Soldiers take bite out of drug business
05/01/2008

“We’ve got the largest counterdrug program in the nation,” Lt. Col. Michael Muzelak, said, and Florida is sharing what it has learned since 1992 and what it knows now with law enforcement officials across the state, the region and the nation.

Muzelak, the program’s coordinator, said 28,000 law enforcement officers have been through its resident program at the Florida Counterdrug Training Academy at the Camp Blanding Joint Training Center, and almost 800,000 have been trained by its mobile training teams or in the Multijurisdictional Counterdrug Task Training Program at St. Pete College.

“The bad guy is smart and evolves” his tactics techniques and procedures, such as using submersibles to smuggle drugs into the country or using illegal immigrants to live in “grow houses,” where marijuana is grown hydroponically.

But it is not all about catching bad guys and taking drugs off the street, he said.

Adding, “We try to tie into national goals as well as state goals” of stopping drug use before it starts through education and community programs such as the “Stay on Track” curriculum, youth leader training and youth camps, and intervening and healing users.

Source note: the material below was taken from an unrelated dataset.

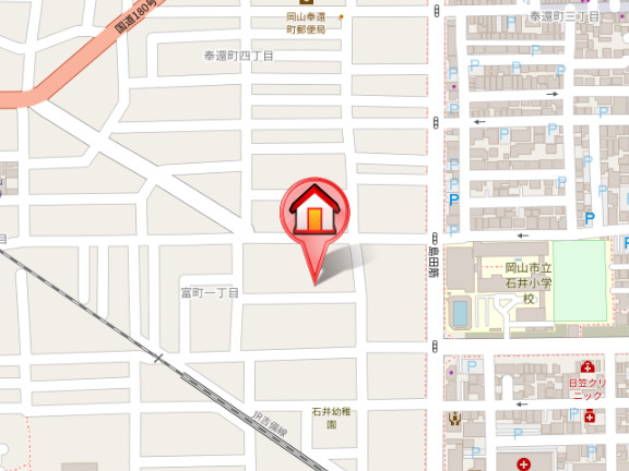 住所は岡山市北区富町1丁目になります。

“We’re a force multiplier,” Command Sgt. Maj. Rick Mendez said. Muzelak said the Florida National Guard helps reduce the supply of drugs through reconnaissance in the air in twin-engine turbo props and specially modified OH-58s, on the ground and under water.

“Aerial reconnaissance can be short fused” and operate at heights “where people on the ground don’t see we’re following them,” Mendez noted.

“We’re also able to provide intelligence analysts,” Mendez said, and that can play a valuable role in supply reduction.

Among the service the program brings into play secure communications among agencies and linguist and transcription support, as well as diver support.

“Call us the point man. The local, state and federal will send the request. We share freely the measures of success,” Mendez said.

“We’re here to gather info for them,” Muzelak said.

There are 117 Florida guardsmen in the program, and there’s a need for 205, Muzelak said. “We’re structure like a task force and most of the people are out on the street.”

Maj. George Gispard, director of the academy at Camp Blanding that opened in 1999, said last year there were 27 classes for 721 law enforcement students.

There are structured classes in patrolling, land navigation, tracking and counter-tracking, maritime and rural operations. “But we can tailor the classes to what a locality needs,” Gispard said.

Adding, “There is no charge for state and local law enforcement agencies coming to the academy or community antidrug groups. Last year 300 members of community antidrug groups came to the academy for workshops.”

“What is really good is when a sheriff or a former student writes back to tell us [a staff of 11] how they used something they learned here” on their job, he said.